Hadoop as History
For most of its (short) existence, the open source Big Data framework called Hadoop has been all about innovative ways to process, store, and eventually analyze huge volumes of multi-structured data. From the time of its inception by Doug Cutting at Yahoo until 2011 or so, the majority of enhancements to the platform have been mostly focused on new and better ways to accomplish this core function.
Indeed, the entire concept of Hadoop – processing petabytes of unstructured data in parallel across potentially thousands of commodity boxes using an open source file-system and related tools – flies in the face of the traditional database model – relational data only, scale-up not out, proprietary hardware and software.
But this paradigm started to change with the emergence of the first commercial Hadoop distribution vendor, Cloudera, back in 2009, and it’s not hard to understand why. In order to successfully sell Hadoop to the enterprise, the platform must meet certain levels of, for lack of a better term, enterprise readiness. While Hadoop pioneers, Web giants like Yahoo, Google, Facebook, and LinkedIn, can devote armies of administrators and engineers to keep Hadoop clusters up-and-running efficiently, most enterprises cannot. There simply aren’t enough skilled Hadoop practitioners to go around.

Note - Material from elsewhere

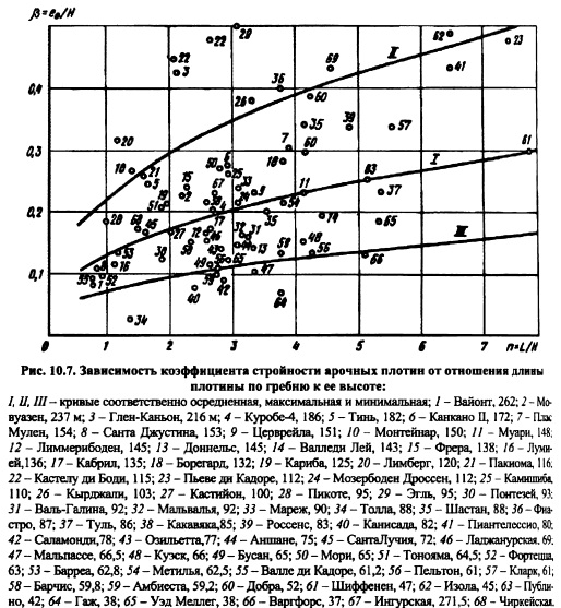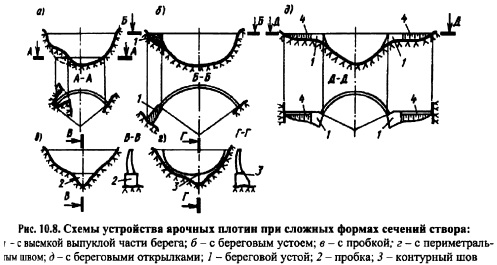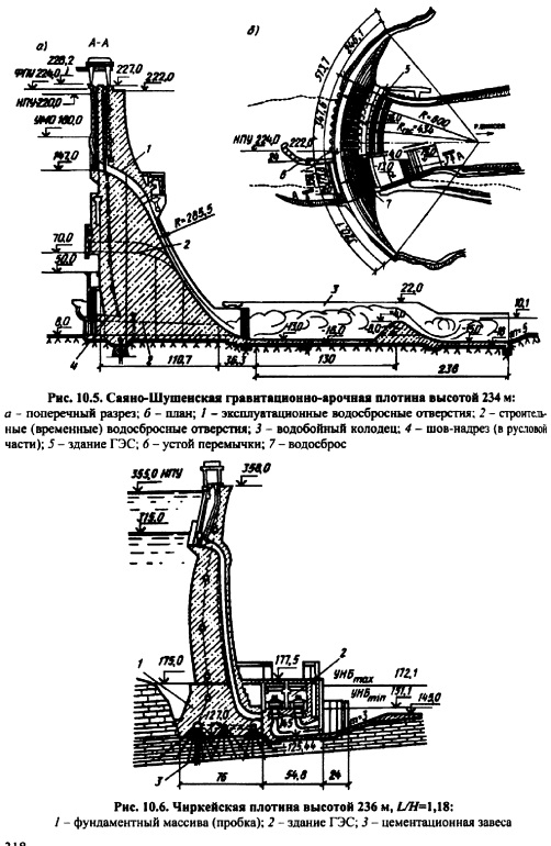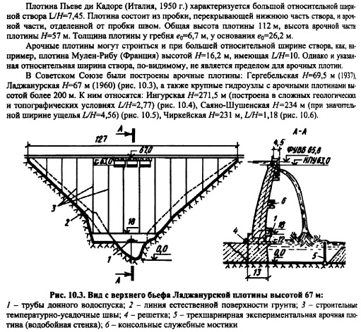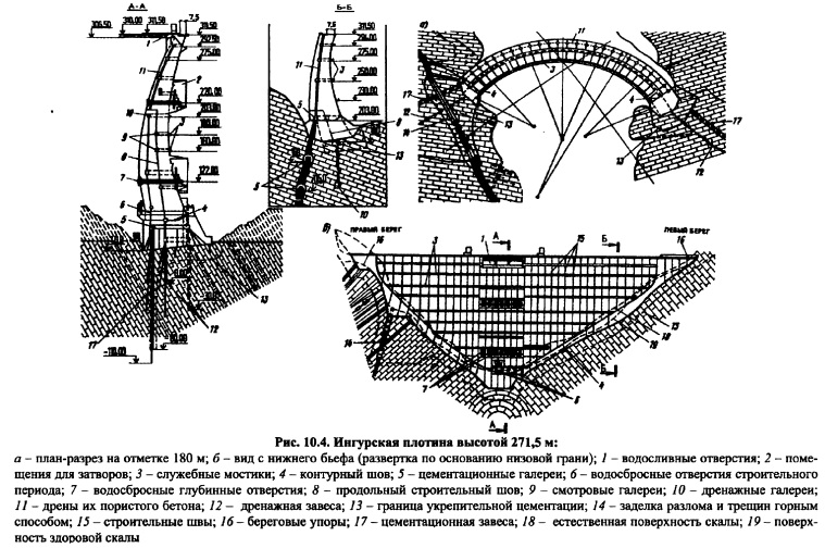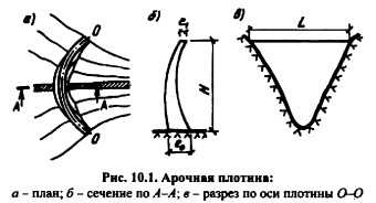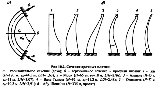ОБЩИЕ СВЕДЕНИЯХарактеристика арочных плотин. Арочными плотинами называют криволинейные в плане водоподпорные сооружения, работающие как свод или оболочка и сопротивляющиеся действию горизонтальных нагрузок в основном за счет упора их в берега ущелья (рис. 10.1). ![]() Горизонтальные сечения арочных плотин (арки) обычно имеют круговое очертание с нормальным опиранием пят арок в берега (рис. 10.2, а). Поперечные профили арочных плотин (консоли) весьма различны по форме и в ряде случаев назначаются криволинейными по вертикали (рис. 10.2, б). ![]() По характеру работы на основную сдвигающую нагрузку горизонтальное давление воды арочные плотины принципиально отличаются от гравитационных. В арочных плотинах силы сопротивления по подошве сооружения, зависящие от веса сооружения, принимают малое участие в работе плотины прогав сдвига. Устойчивость их обеспечивается в основном за счет упора сооружения в берега. Это позволяет проектировать арочные плотины с весьма малой толщиной, определяемой лишь условием прочности материала сооружения. Профили арочных плотин значительно более обжаты по сравнению с профилями гравитационных плотин и характеризуются так называемым коэффициентом стройности р относительной толщиной плотины, равной максимальная толщина плотины в ключевом сечении (без учета пробки), чаще всего е0 толщина плотины у основания; Я высота арочной части плотины. Для тонких арочных плотин Р<0,2, для гравитационных плотин Р=0,6- 0,8. Наиболее стройными из построенных арочных плотин являются плотины. Таким образом, толщина арочных плотин (и, следовательно, объем бетона на 1 м длины) меньше, чем гравитационных в 24, иногда в 68 раз и более. Общая экономия бетона вследствие кри волннейносги арочных плотин в плане несколько меньше и для современных арочных плотин составляет 35-65% [151], Для весьма стройных арочных плотин экономия бетона может достигать и больших значений. Так, в арочной плотине Гаж (Франция), имеющей 38 м, (1,8 м и (3=0,047, объем бетона составил 18% объема бетона в гравитационной плотине. При определении экономичности арочных плотин следует учитывать, что к бетону арочных плотин предъявляются более высокие требования, и, следовательно, его стоимость выше, чем в гравитационных плотинах, однако удорожание I м3 бетона обычно не превышает 10-15 %. Высокая экономичность арочных плотин при одновременной их надежности объясняет их широкое распространение; в настоящее время построено более 300 арочных плотин высотой свыше 30 м. Первая арочная плотина Понте Альто, построенная в 1611 г. в Италии, была каменной (на растворе) с радиусом 15 м и высотой 5 м. В дальнейшем ее несколько раз достраивали и в 1883 г. ее высота составила 38 м. В XIX в. небольшие арочные плотины строились в Европе и США, но наибольшее распространение эти плотины получили в XX в. Самой высокой из построенных за рубежом арочных плотин является плотина Вайонт (Италия, I960 г.), имеющая высоту 266 м. Плотина возведена в относительно узком ущелье (отношение длины плотины по гребню L к высоте плотины Я составляет УН =0,71). Толщина плотины у гребня 3,9 м, у основания 23 м. Существуют проекты н более высоких плотин: плотина Абу-Шенейна (Судан) высотой №335 м (см. рис. 10.2, б, 6). Плотина Толла (Франция, о. Корсика, 1961 г.) является одной из наиболее стройных арочных плотин. Высота плотины Я 88 м, толщина плотины в ключевом сечени

This drive to turn Hadoop into an enterprise-grade platform accelerated about this time last year. It was then that MapR, though already a two-year-old company, joined Cloudera with its own commercial Hadoop distribution and a high-profile reseller agreement with EMC Greenplum. Within weeks, Yahoo spun-out its internal Hadoop division to form Hortonworks. And, later, Greenplum unveiled its own Hadoop distribution distinct from MapR. Meanwhile, a NoSQL database company called DataStax produced its own version of Hadoop for the enterprise. With five-plus commercial Hadoop distribution vendors vying for top spot in a potentially $50 billion market, the race to build the first truly enterprise-ready Hadoop platform was officially on.
So why is this important to you?
The Hadoop distribution race is important because no technology can achieve mass adoption in the enterprise unless risk-averse IT departments believe it will stand-up under pressure, and Hadoop is no exception. Consider the apocryphal saying, “Nobody ever got fired for buying IBM,” but replace IBM with Hadoop. Sounds almost fanciful, no? But making that statement a truism is now the mission of every Hadoop distribution vendor.

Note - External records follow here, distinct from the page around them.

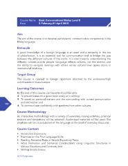 Course Name Basic Conversational Malay Level II Date 5 February-21 April 2015 Aim The aim of the course is to develop participants’ communicative competence in the Malay language. Rationale A good knowledge of a foreign language is an asset and a necessity in this era of globalisation. It is an essential tool for communication and to bridge the gap between the different cultures of the world. It is vital towards understanding the different cultures and its people. Language refects cultures, not the reverse, and the ability to navigate dealings with others across cultural lines opens doors in international relations. Target Group This course is opened to foreign diplomats attached to the embassies/high commissions in Kuala Lumpur. Learning Outcomes By the end of this course, participants should be able: U To present ideas on a given topic orally or in writing; U To speak on personal matters and the surrounding with correct pronunciation and intonation; and 102 U To communicate confdently with speakers from other cultures. Course Methodology An interactive methodology with a variety of awareness-raising activities, practical sessions and simulations will be adopted. Audiovisual materials will be used. The emphasis will be on acquisition of the language at the level of everyday discourse. Course Content • Vocabulary Expansion; • Exercises on the Four Language Skills; • Reading Narrative Texts or Simple Expository Texts; • Word Formation and Sentence Constructions Using Linguistic Structures in Various Situations and Contexts; and • Writing Simple Essays. 2015 Prospectus
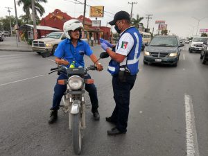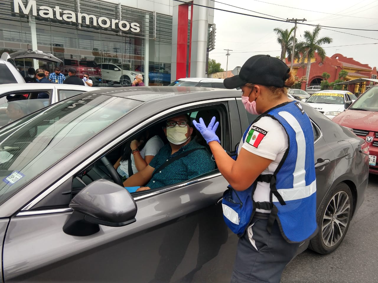 Elementos de Tránsito Local, encabezados por Jorge Mora Solalinde realizaron un operativo en el crucero de Sexta y boulevard Manuel Cavazos Lerma para entregar cubre bocas a automovilistas y pedir que solo salgan a la calle cuando se trate de un asunto escencial.
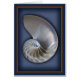 Den inre halvan av en nautilussnäcka på en blått som matt fastställd insida en skugga boxas ramen, verkställer.
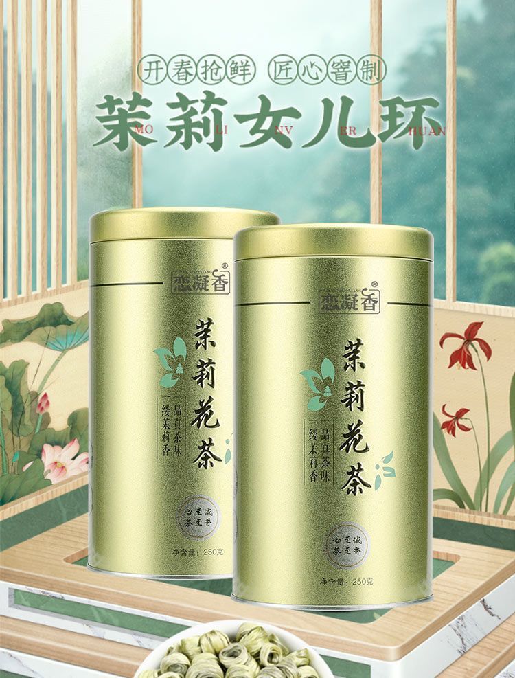 恋凝香ジャスミン玉螺王九特級ジャスミン茶葉高級若芽濃香耐泡型贈答缶
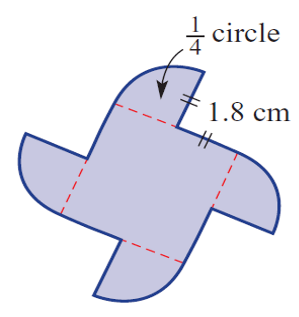 Calculate the shaded area for the shape shown below, correct to 1 decimal place.
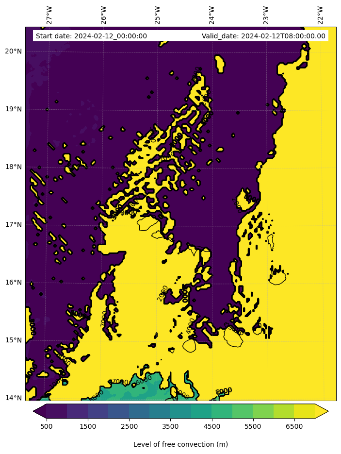 - Level of free convection (m)

What We Mean When We Talk About “Enterprise Ready”
For all its promise, Hadoop has a number of inherent weaknesses that make it a less than ideal platform for supporting mission-critical applications and workloads. These must be overcome for Hadoop to emerge as a truly enterprise-grade platform. The five major weaknesses are Single Points of Failure, Integration with Existing IT Systems, Administration and Ease-of-Use, and Security. While each of these weaknesses has been addressed to greater and lesser extents by both the commercial and open source Hadoop communities, it is still useful to summarize them below:
Single Point of Failure (SPOF)
As originally developed, a single node within a Hadoop cluster is responsible for storing and managing metadata. This node, called the namenode, is essentially responsible for understanding which nodes store particular data and for providing clients this information when a MapReduce job is initiated. Three copies of data are typical stored on three separate nodes in a cluster, and the namenode maintains a directory tree with this information. With just one node responsible for understanding where all data is located, the namenode becomes a SPOF. Should the namenode fail, the cluster itself becomes useless. Once a namenode fails, it can take hours or longer to return the cluster to working order, during which time no jobs can be processed. While a secondary namenode is part of most Hadoop configurations, as originally designed it only periodically replicates and stores data from the namenode, meaning it cannot be relied upon as a failsafe should the namenode go offline.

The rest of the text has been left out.